CVPR 2024 Workshop
Event: CVPR 2024 Workshop · Duration: 310 min · ▶ Watch on YouTube
Abstract
This presentation introduces the Open-Sora project, a framework for video generation. It covers three main frameworks: Efficient 3D VideoVAE, Diffusion Transformer, and Data Preparing. The speaker emphasizes the importance of efficient 3D VideoVAE for long video generation, highlighting its architecture and training efficiency on Ascend NPU. The Diffusion Transformer is presented as a key component for video generation, with details on its architecture, training efficiency, and generation results. The presentation also delves into data preparation for video generation, outlining the process of crawling high-quality video data and generating high-quality video text annotations. The speaker discusses a diffusion-based generalist model for dense vision tasks, comparing Pixel Diffusion and Latent Diffusion, and outlining recipes for diffusion-based generalists. The presentation concludes with a comparison to prior art, visualization of results, and a discussion of future work and conclusions.
Speakers
- Hao Su — Peking University
Talks (50)
- 00:00:00 — Hao Su: Open-Sora Framework-1: Efficient 3D VideoVAE
- This talk introduces Open-Sora Framework-1, focusing on efficient 3D VideoVAE for long video generation, highlighting its architecture, training efficiency on Ascend NPU, and generation results.
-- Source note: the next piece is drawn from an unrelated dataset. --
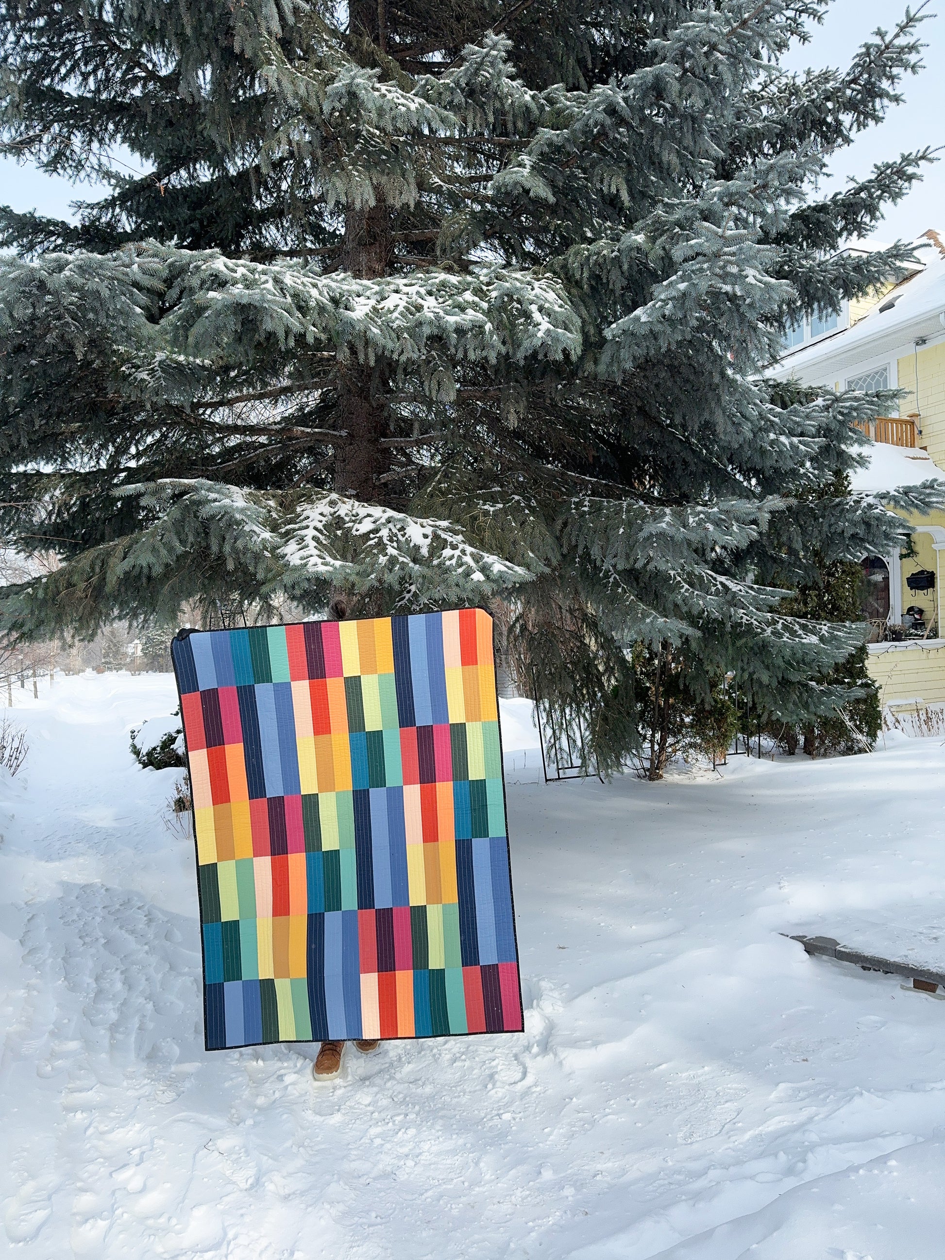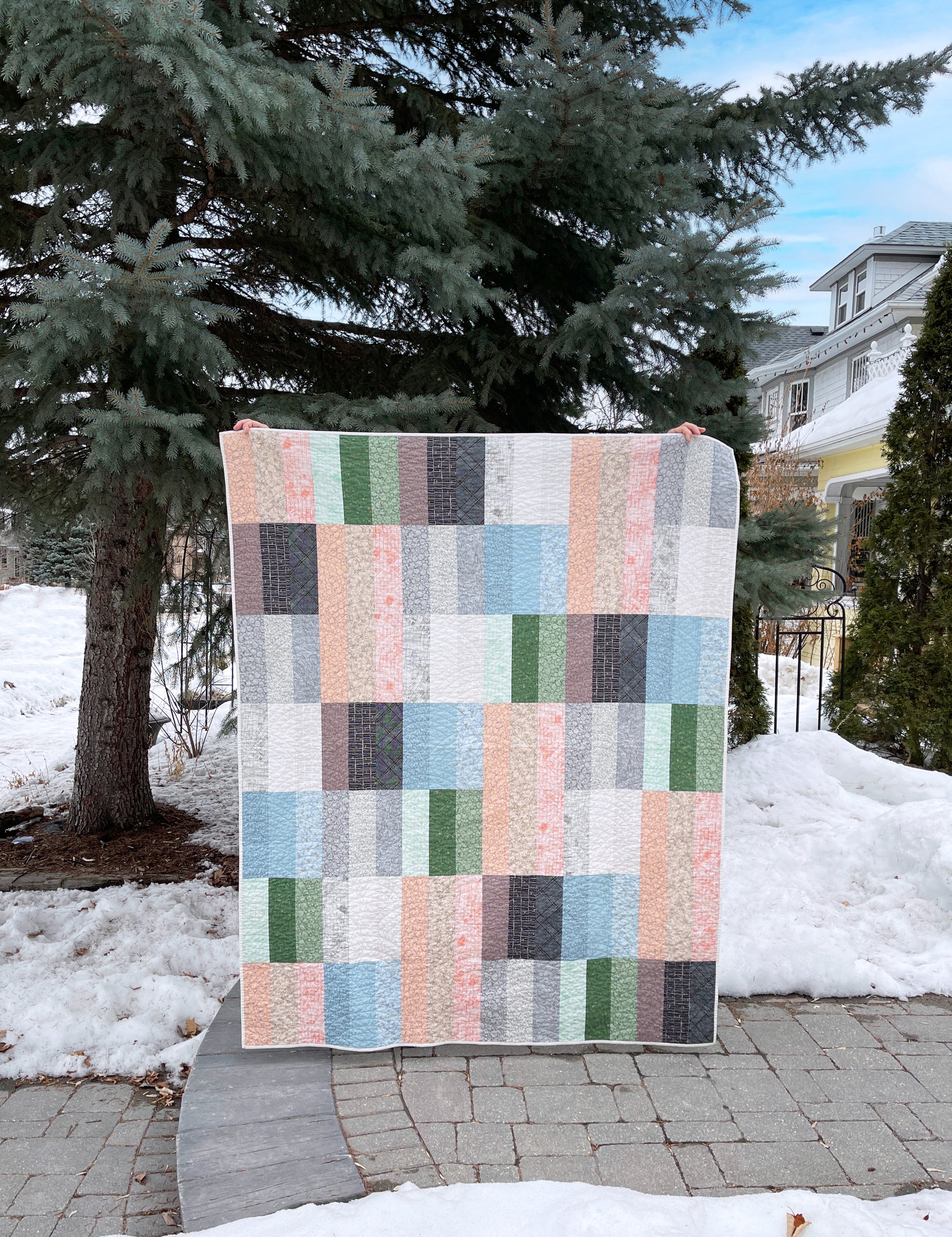 This modern original quilt pattern is appropriate for quilters of all skill levels and is a fast finish. Great for yardage, fat quarters (throw size!) or even scraps!

- 00:00:00 — Hao Su: Open-Sora Framework-2: Diffusion Transformer
- This talk introduces Open-Sora Framework-2, focusing on the Diffusion Transformer for video generation, detailing its architecture, training efficiency on Ascend NPU, and generation results.
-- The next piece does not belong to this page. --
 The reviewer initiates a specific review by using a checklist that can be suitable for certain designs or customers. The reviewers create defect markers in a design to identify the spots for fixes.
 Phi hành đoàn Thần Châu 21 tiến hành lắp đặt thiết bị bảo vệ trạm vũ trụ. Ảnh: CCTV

- 00:00:00 — Hao Su: Open-Sora Framework-3: Data Preparing
- This talk introduces Open-Sora Framework-3, focusing on data preparation for video generation, detailing its architecture, training efficiency on Ascend NPU, and generation results.
- 00:00:00 — Hao Su: Toward a Diffusion-Based Generalist for Dense Vision Tasks
- This talk introduces a diffusion-based generalist model for dense vision tasks, detailing its architecture, training efficiency on Ascend NPU, and generation results.
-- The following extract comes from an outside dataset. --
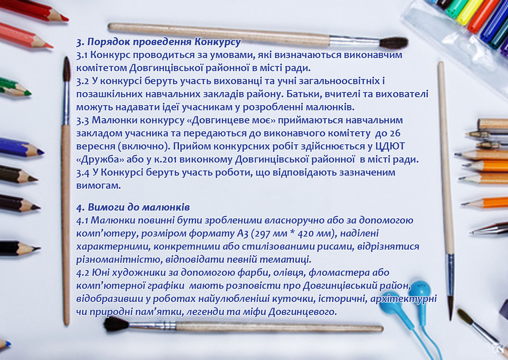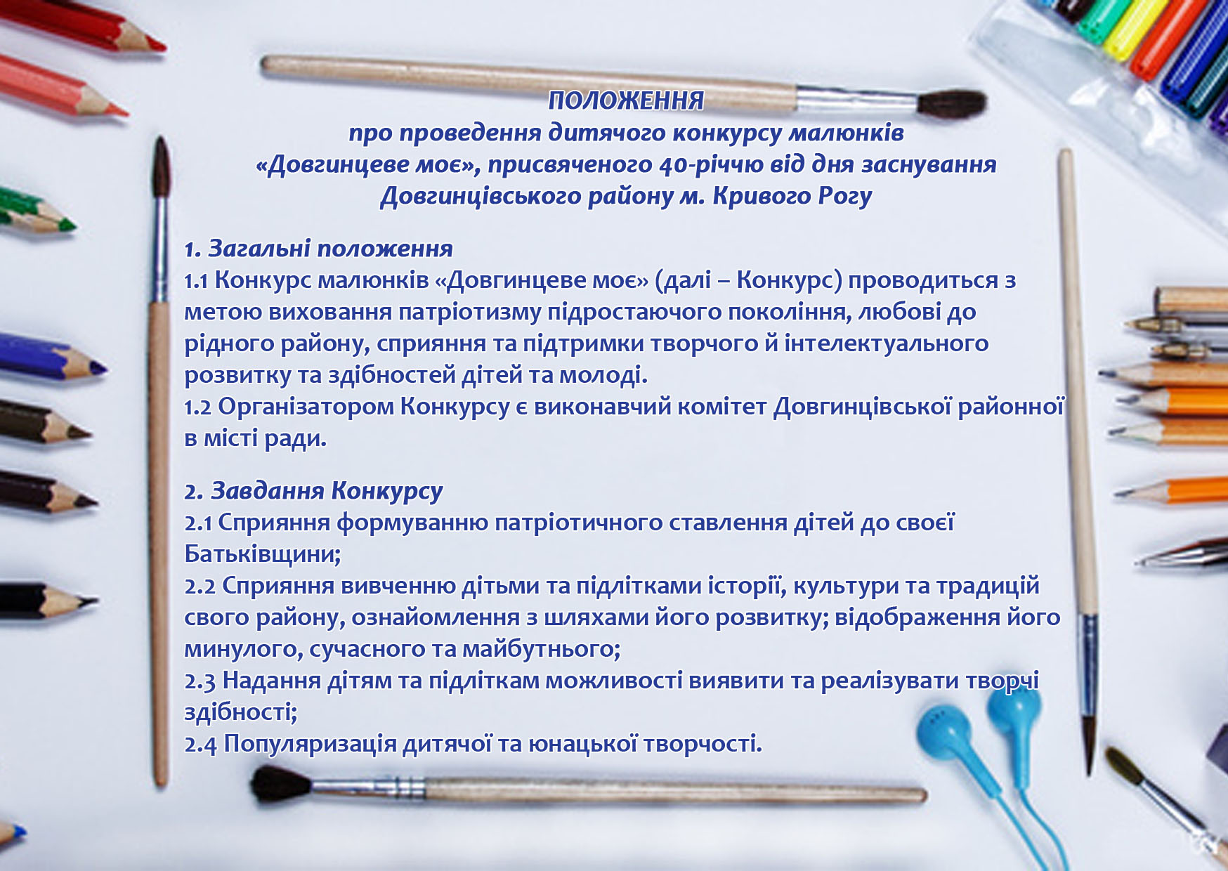 Положення про проведення дитячого конкурсу малюнків «Довгинцеве моє», присвяченого 40-річчю від дня заснування Довгинцівського району м. Кривого Рогу

- 00:00:00 — Hao Su: Pixel Diffusion v.s. Latent Diffusion
- This talk introduces Pixel Diffusion v.s. Latent Diffusion, detailing its architecture, training efficiency on Ascend NPU, and generation results.
- 00:00:00 — Hao Su: Recipes for Diffusion-Based Generalists
- This talk introduces Recipes for Diffusion-Based Generalists, detailing its architecture, training efficiency on Ascend NPU, and generation results.
- 00:00:00 — Hao Su: Comparisons with Prior Art
- This talk introduces Comparisons with Prior Art, detailing its architecture, training efficiency on Ascend NPU, and generation results.
- 00:00:00 — Hao Su: Visualization
- This talk introduces Visualization, detailing its architecture, training efficiency on Ascend NPU, and generation results.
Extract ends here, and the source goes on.